__PROBLEM TO SOLVE__. Could you give the entries back exactly as they stand, minus any pictures?

__EXTRACTED INFORMATION__.
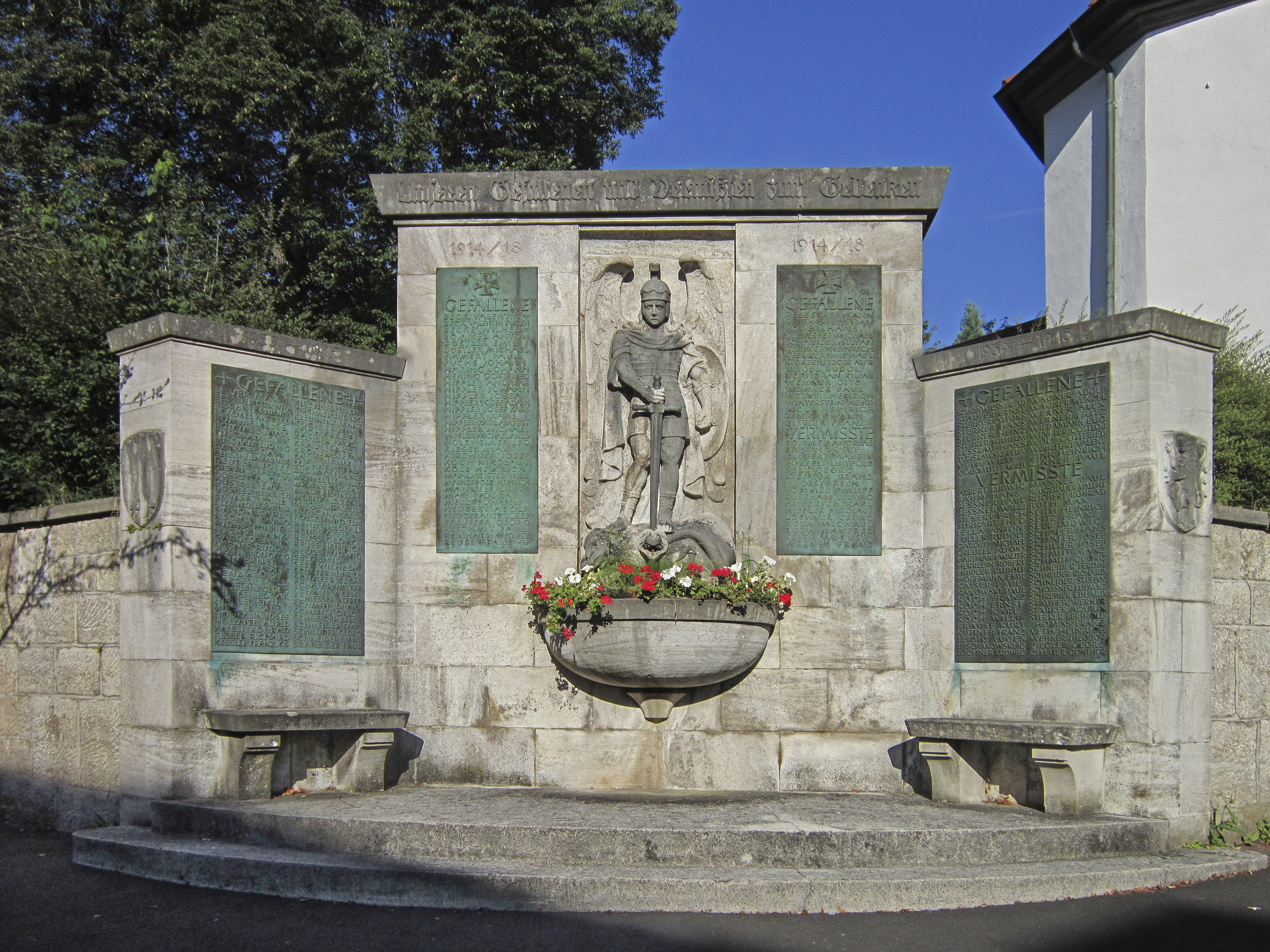 War Memorial located in Garitz, a quarter of the German spa town of Bad Kissingen in Lower Franconia (Bavaria), remembering on World War I and II.
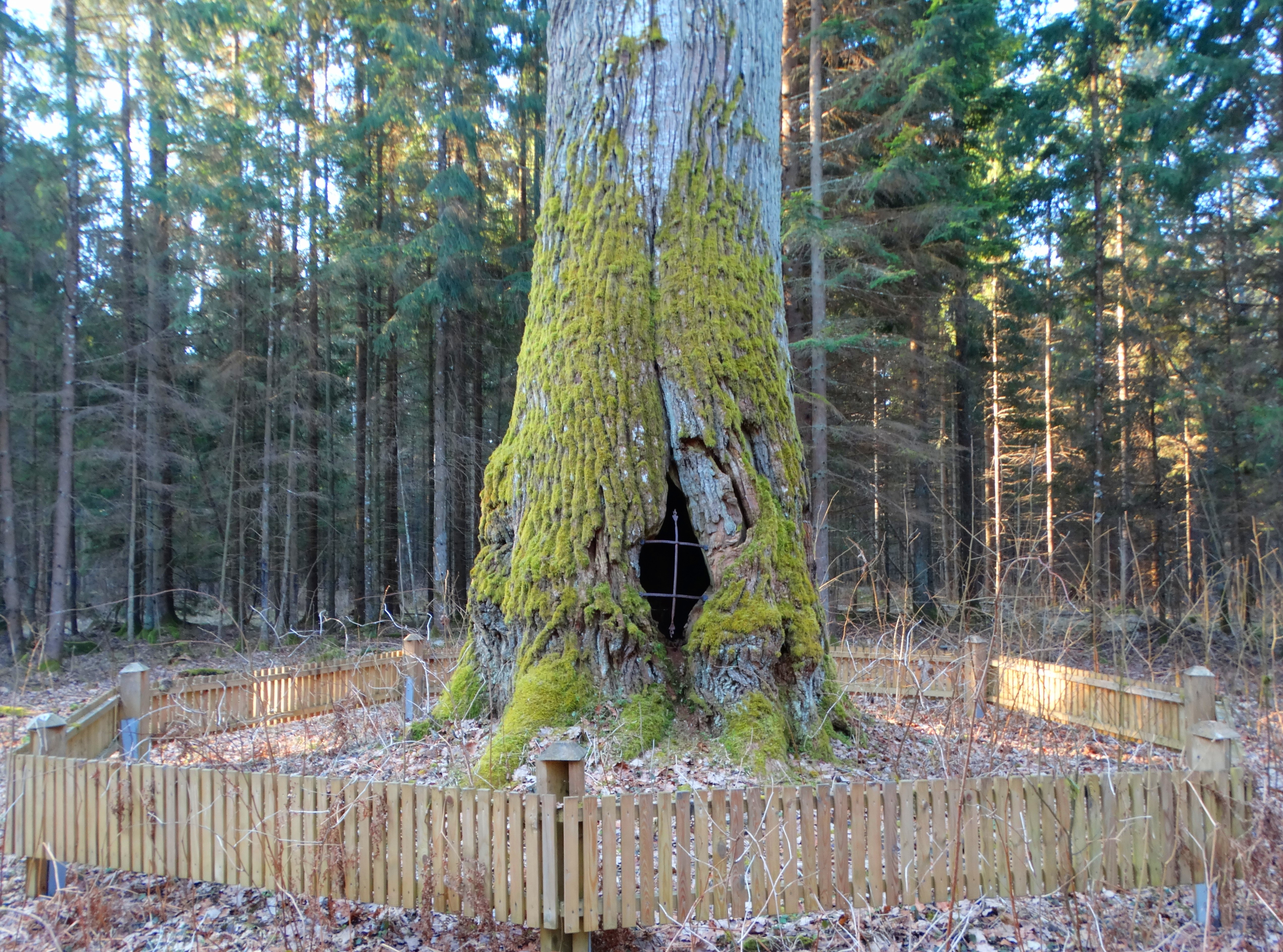 Oak, Paežeriai Forest, Šiauliai district, Lithuania
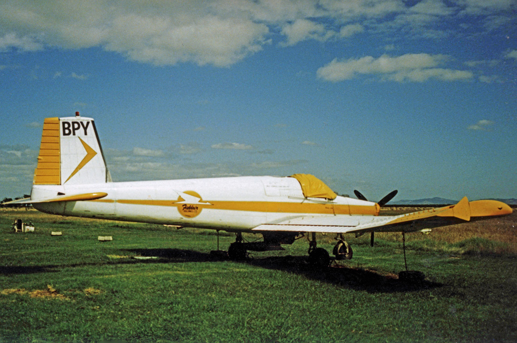 Fletcher FU-24-950M agricultural aircraft at Thames airfield, North Island, New Zealand
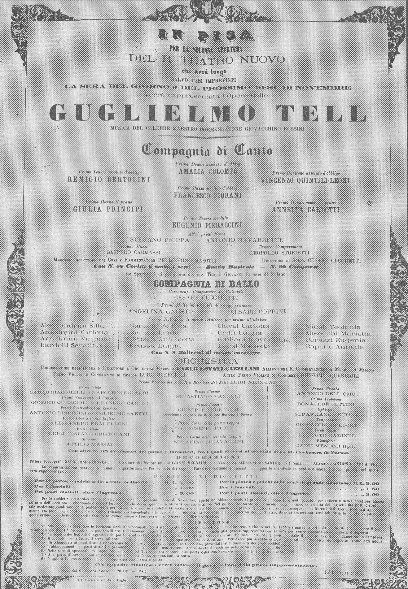 First manifest of the new theatre of Pisa, Tuscany, Italy.
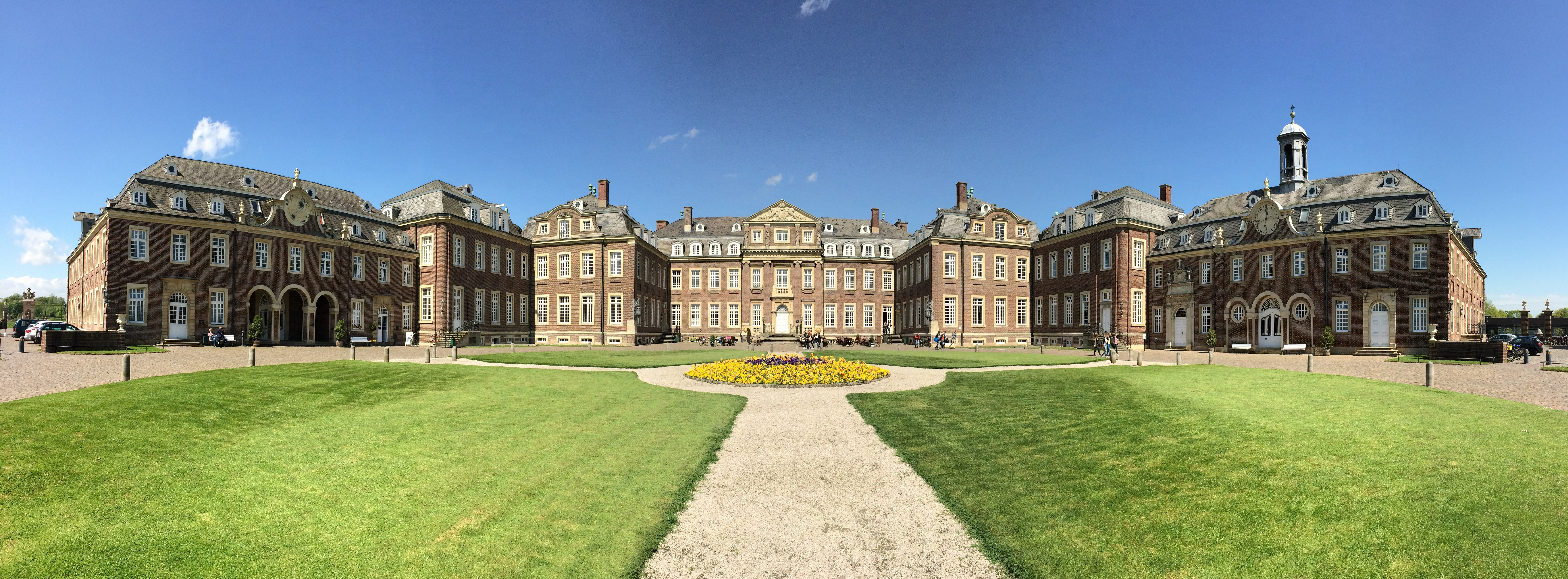 Nordkirchen castle in Nordkirchen (Coesfeld district, North Rhine Westphalia, Germany). Panoramic view from the south. It houses the University of Applied Sciences of Finances of North Rhine Westphalia, a state-run college specializing in the training of future tax inspectors.
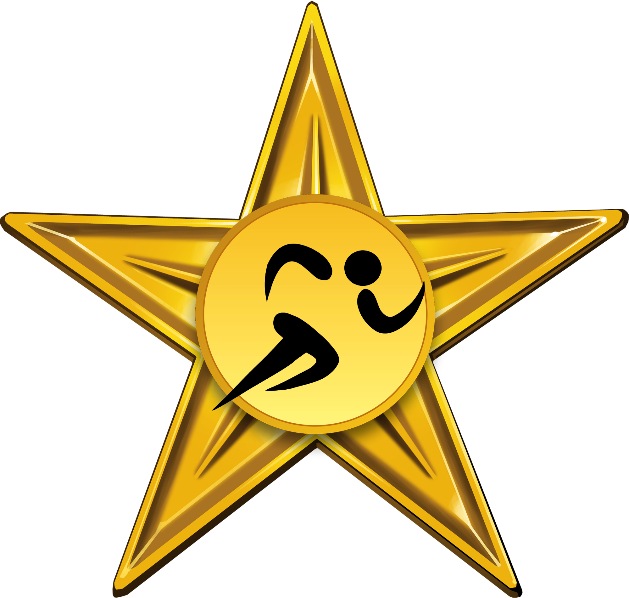 The Running Man Barnstar may be awarded for distinguished efforts in sports-related articles. This barnstar is intended for those who give 110% in order to advance Wikipedia's coverage of the world of sports.
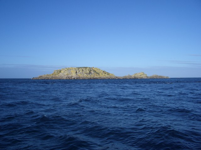 Great Ganinick and Little Ganinick, Isles of Scilly Great Ganinick and Little Ganinick, the Eastern Isles, Isles of Scilly
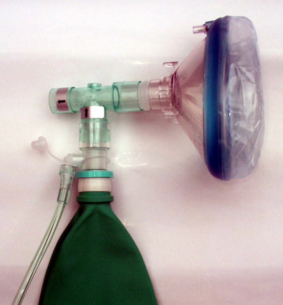 Non re-breather oxygen mask with reservoir for the acute treatment of Cluster Headache
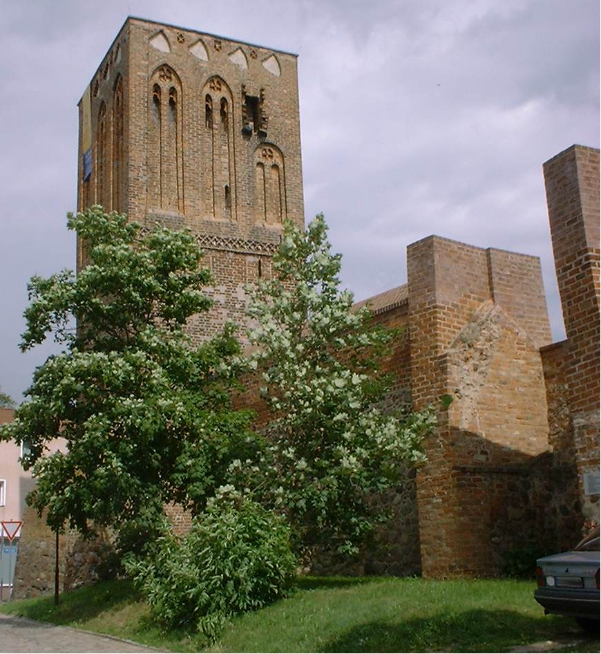 City walls with Schwedter Torturm in Prenzlau in Brandenburg, Germany
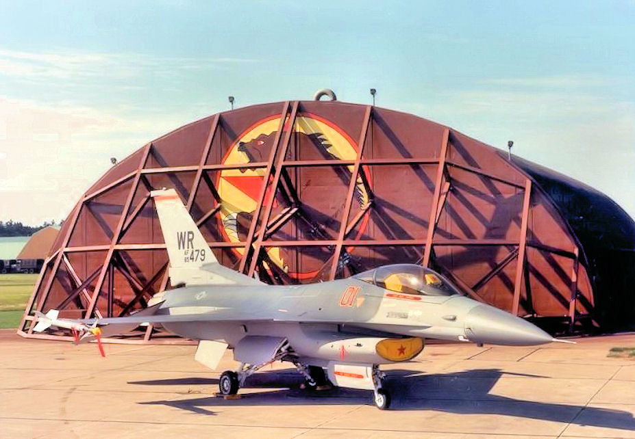 527th Aggressor Squadron - General Dynamics F-16C Block 30A Fighting Falcon 85-1479 at RAF Bentwaters, England, 1988 upon squadron receipt of aircraft.
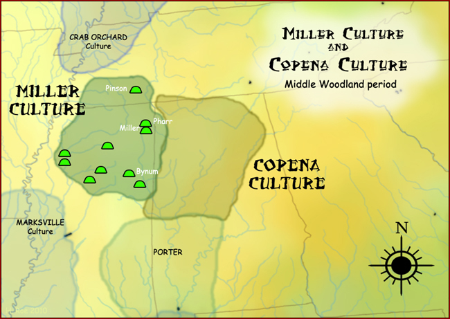 A map showing the Middle Woodland period Hopewell tradition Miller culture and Copena culture and some of their sites.
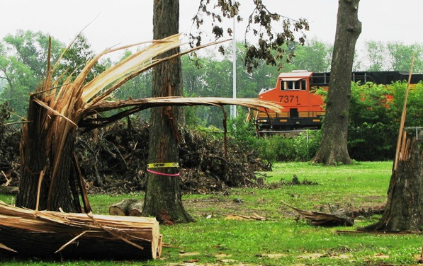 Tornado damage Streator IL taken eight days after June 5 2010 touchdown. Please credit Photo by John LeGear at with permission via Creative Commons license.
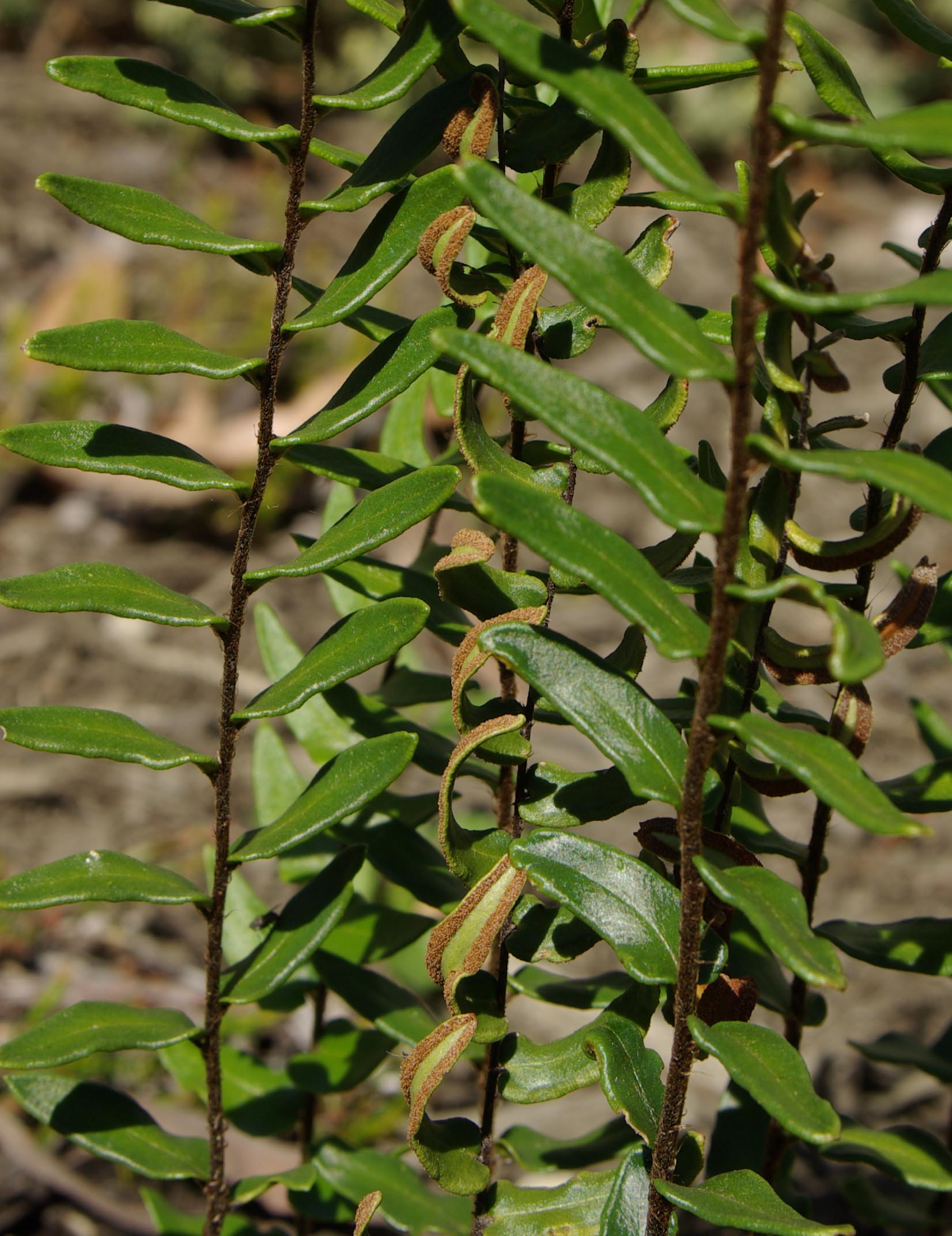 Pellaea calidirupium growing in Royal Tasmanian Botanical Gardens, Hobart
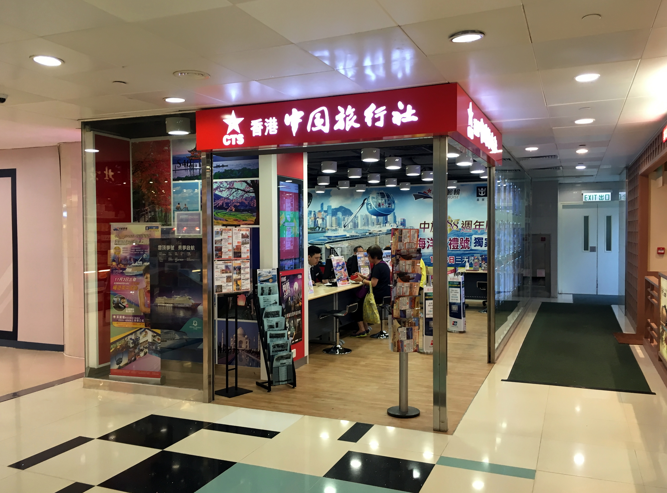 CTS in Kornhill Plaza

__ANSWER FOR THIS EXERCISE__.
 War Memorial located in Garitz, a quarter of the German spa town of Bad Kissingen in Lower Franconia (Bavaria), remembering on World War I and II.
 Oak, Paežeriai Forest, Šiauliai district, Lithuania
 Fletcher FU-24-950M agricultural aircraft at Thames airfield, North Island, New Zealand
 First manifest of the new theatre of Pisa, Tuscany, Italy.
 Nordkirchen castle in Nordkirchen (Coesfeld district, North Rhine Westphalia, Germany). Panoramic view from the south. It houses the University of Applied Sciences of Finances of North Rhine Westphalia, a state-run college specializing in the training of future tax inspectors.
 The Running Man Barnstar may be awarded for distinguished efforts in sports-related articles. This barnstar is intended for those who give 110% in order to advance Wikipedia's coverage of the world of sports.
 Great Ganinick and Little Ganinick, Isles of Scilly Great Ganinick and Little Ganinick, the Eastern Isles, Isles of Scilly
 Non re-breather oxygen mask with reservoir for the acute treatment of Cluster Headache
 City walls with Schwedter Torturm in Prenzlau in Brandenburg, Germany
 527th Aggressor Squadron - General Dynamics F-16C Block 30A Fighting Falcon 85-1479 at RAF Bentwaters, England, 1988 upon squadron receipt of aircraft.
 A map showing the Middle Woodland period Hopewell tradition Miller culture and Copena culture and some of their sites.
 Tornado damage Streator IL taken eight days after June 5 2010 touchdown. Please credit Photo by John LeGear at with permission via Creative Commons license.
 Pellaea calidirupium growing in Royal Tasmanian Botanical Gardens, Hobart
 CTS in Kornhill Plaza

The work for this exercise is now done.